Comparative analysis with other models demonstrates that the proposed model exhibits outstanding accuracy in high-strength bolt fault diagnosis, while also presenting certain limitations. Specifically, first, its small-sample learning capability is remarkable. The BKA-CNN-GRU model performs exceptionally well with limited data samples. The global search capability of the BKA optimization algorithm effectively prevents overfitting, while the CNN-GRU fusion architecture enables effective feature learning using limited training data. Additionally, the model integrates multiple components—BKA optimization, CNN-GRU networks, and data preprocessing—requiring simultaneous adjustment of multi-level parameters, which may impact algorithm stability and reproducibility. Second, it demonstrates significant advantages in frequency-domain feature extraction. Comparing FFT transformation and chaos theory preprocessing methods validates the effectiveness of FFT preprocessing in bolt-loosening fault identification. FFT enhances signal frequency-domain characteristics.
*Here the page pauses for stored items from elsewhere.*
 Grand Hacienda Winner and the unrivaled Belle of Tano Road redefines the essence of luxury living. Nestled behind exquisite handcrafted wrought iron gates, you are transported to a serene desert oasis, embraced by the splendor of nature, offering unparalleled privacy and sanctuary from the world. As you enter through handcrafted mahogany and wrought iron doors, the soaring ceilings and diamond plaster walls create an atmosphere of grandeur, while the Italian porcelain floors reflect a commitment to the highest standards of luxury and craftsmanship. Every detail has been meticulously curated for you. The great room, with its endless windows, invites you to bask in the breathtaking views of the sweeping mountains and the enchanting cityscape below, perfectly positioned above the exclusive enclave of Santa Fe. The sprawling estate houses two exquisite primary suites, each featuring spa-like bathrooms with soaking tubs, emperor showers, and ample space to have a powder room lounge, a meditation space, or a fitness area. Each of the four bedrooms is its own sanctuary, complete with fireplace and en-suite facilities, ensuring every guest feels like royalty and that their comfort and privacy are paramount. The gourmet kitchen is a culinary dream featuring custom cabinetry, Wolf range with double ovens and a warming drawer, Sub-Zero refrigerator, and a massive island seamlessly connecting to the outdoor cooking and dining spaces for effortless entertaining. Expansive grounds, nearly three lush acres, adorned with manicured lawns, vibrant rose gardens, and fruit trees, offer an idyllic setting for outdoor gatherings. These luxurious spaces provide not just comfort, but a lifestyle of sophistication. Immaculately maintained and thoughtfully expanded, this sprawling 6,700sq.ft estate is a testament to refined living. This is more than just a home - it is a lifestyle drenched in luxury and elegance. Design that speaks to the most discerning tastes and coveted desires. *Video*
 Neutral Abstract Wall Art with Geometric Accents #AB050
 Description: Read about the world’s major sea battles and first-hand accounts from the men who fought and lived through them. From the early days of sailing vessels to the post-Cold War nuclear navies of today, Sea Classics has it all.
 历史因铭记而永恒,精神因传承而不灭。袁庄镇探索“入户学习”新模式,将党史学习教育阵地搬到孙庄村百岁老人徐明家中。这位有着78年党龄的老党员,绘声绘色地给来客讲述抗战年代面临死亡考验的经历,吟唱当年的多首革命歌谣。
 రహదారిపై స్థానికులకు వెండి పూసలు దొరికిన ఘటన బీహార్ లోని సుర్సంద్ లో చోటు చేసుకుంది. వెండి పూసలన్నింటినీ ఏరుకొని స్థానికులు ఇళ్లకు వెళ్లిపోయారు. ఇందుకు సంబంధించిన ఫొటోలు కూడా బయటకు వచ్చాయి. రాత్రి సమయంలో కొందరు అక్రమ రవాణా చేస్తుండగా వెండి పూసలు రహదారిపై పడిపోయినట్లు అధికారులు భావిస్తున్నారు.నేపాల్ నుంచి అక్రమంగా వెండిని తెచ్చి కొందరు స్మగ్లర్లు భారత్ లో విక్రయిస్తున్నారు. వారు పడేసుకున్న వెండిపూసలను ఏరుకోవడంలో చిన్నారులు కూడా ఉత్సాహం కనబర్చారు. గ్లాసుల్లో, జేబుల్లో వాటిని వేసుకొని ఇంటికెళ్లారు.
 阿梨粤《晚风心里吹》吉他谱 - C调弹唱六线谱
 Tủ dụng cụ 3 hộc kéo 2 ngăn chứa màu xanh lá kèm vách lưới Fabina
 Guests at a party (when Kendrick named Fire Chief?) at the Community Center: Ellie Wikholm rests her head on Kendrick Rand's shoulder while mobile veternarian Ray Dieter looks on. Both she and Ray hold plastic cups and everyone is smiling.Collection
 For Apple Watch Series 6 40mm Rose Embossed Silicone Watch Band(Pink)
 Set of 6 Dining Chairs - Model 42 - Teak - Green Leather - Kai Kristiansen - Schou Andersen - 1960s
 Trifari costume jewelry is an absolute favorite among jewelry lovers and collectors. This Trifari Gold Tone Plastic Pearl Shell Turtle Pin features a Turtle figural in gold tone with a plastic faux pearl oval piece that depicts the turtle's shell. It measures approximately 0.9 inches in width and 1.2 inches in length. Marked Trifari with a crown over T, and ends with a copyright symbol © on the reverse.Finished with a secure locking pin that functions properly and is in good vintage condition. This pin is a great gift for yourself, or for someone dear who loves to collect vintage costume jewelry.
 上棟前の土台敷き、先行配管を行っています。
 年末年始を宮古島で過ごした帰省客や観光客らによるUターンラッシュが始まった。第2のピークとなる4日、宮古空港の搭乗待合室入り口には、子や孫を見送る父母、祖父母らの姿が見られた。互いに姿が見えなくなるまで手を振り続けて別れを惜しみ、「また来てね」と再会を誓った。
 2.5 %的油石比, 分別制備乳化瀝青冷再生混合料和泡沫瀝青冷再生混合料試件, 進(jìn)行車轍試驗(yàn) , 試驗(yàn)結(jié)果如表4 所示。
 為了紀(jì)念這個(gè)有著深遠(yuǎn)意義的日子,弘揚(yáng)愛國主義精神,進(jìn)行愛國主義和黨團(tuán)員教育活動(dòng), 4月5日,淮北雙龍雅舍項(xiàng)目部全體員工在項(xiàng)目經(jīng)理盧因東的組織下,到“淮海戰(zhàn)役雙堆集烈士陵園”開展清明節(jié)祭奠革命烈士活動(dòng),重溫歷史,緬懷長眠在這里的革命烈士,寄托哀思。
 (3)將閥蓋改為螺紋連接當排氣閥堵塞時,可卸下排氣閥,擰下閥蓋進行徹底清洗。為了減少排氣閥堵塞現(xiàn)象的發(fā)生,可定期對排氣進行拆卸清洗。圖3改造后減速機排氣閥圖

Combined with the time-frequency joint analysis capability of CNN-GRU, it extracts more discriminative feature representations, significantly improving fault recognition accuracy. However, the advantage of FFT preprocessing is scenario-dependent, primarily suitable for analyzing stationary signals. For non-stationary or transient fault signals, it may fail to fully capture dynamic characteristics. Third, computational efficiency and accuracy are balanced. Compared to complex models like SwinTransformer+SENet, the proposed method achieves lower computational complexity while maintaining high accuracy. FFT preprocessing incurs minimal computational overhead, making the overall architecture suitable for real-time monitoring applications. However, the BKA optimization strategy, designed for specific data characteristics, may have limited generalization capabilities. The current comparative experiments have limited coverage and require further validation against more advanced methods.
The postprocessing model can be effectively applied to engineering practice through three key approaches: In data processing, select appropriate sensors and installation locations based on actual operating conditions. For instance, first identify vibration-sensitive areas of bolts or damage-prone zones in specific mechanical structures, then install sensors at these critical points to collect high-intensity vibration data, providing high-quality data support. For model optimization and adjustment, retrain and fine-tune the model using additional real-world failure data to enhance its accuracy in identifying complex failures and improve generalization capabilities. Simultaneously, explore integrating non-destructive testing sensors to build a multi-parameter diagnostic system, enabling precise diagnosis of diverse bolt failure modes. At the system integration level, integrate the model into the wind turbine tower bolt condition monitoring platform for real-time diagnostics. Simultaneously explore deep integration with life analysis by incorporating life analysis methodologies. This involves using fault diagnosis results as dynamic prior information to continuously update the life prediction model, achieving a unified dynamic mapping of fault characteristics, degradation rates, and remaining useful life (RUL).